If you are a retail investor, you most likely buying on speculation or as a hedge. I am going to quote Preet in his excellent post about leveraged ETF’s describingthe difference between the two concepts.

“Hedging is the complete opposite of Speculation. Another way to put it is that speculation is the taking on of risk in the hopes of a higher reward, and hedging is the elimination of risk and the elimination of higher potential rewards. The two are diametrically opposed.”

I have no issues with speculation as long as one can handle the downside risk of losing your own money (institutional investors speculate too- just mostly with other people’s money) and if one is absolutely positive that the market is going one way or another in the short term. If this applies then this may be a convenient product to achieve one’s goal of speculating on the market. As a hedging tool, it tends to be, as Preet noted, a good tool in small doses and for short peroids of time (as explained below). As long as one understands this, a leveraged ETF can be an effective tool.

LEVERAGED ETF’s WHAT IS THE DOWNSIDE RISK?

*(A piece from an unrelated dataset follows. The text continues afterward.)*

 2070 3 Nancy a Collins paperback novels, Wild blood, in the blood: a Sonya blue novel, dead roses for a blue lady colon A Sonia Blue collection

There are many disadvantages to leveraged ETF’s but I wanted to concentrate on one known as the Constant Leverage Trap: Over time, constant leveraging in volatile markets diminishes returns. I am going to let some professors explain this concept on their research on leveraged ETFs quoting their example of the constant leverage trap:

Assume you invest $100 in both a market index and a 2x leveraged ETF. The index falls 10 percent, and thus the leveraged ETF falls 20 percent. The next day the index increases by 20 percent and the leveraged ETF increases by 40 percent. Your portfolio value in the index falls to $90, and then increases to $108, for a gain of 8 percent. Note the average return is 5 percent each day, yet your portfolio only averages 4 percent each day. This is the compounding problem. In the leveraged ETF, your portfolio value falls to $80, but only increases back to $112, for a gain of 12 percent. Instead of averaging 10 percent each day, your portfolio only averages 6 percent each day. The leverage ratio for each day is two, but over the two days is only 1.5 (12 percent divided by 8 percent). Thus, the compounding problem is magnified by the use of constant leverage.

In plain English, this means the ETF can consistently maintain its stated exposure/leverage position BUT CANNOT DELIVER YOU THE SAME RETURNS AS ITS EXPOSURE OVER A PERIOD OF TIME.

In other words, don’t assume you are receiving the same level of return as its exposure.  In fact, over time, returns will be less than the exposure.

The implications of this are manifold:

  1. Definitely not for someone with a buy and hold strategy;
  2. A product that optimally performs when there are long to medium terms trends and not in a volatile market;
  3. Its usefulness as a hedge declines over time;
  4. A useful product for short-term hedging rather than profit-seeking.

…I would be remiss if I did not point out the following. Good investors are good historians. Recent history shows that sophisticated financial products aimed at the wrong end-user combined in faith in financial wizardry tends to end badly.

If you are a long time reader of this blog, you notice that I tend not to be an early adopter of financial trends. I like to see how the dust settles before writing about something new. Thus, while I do not dispute the utility of this product in the right hands, I fear for some retail investors that this is nothing more than a stroll down memory lane, substituting the names of some recent structured financial products like ABCP or PPN with leveraged ETFs.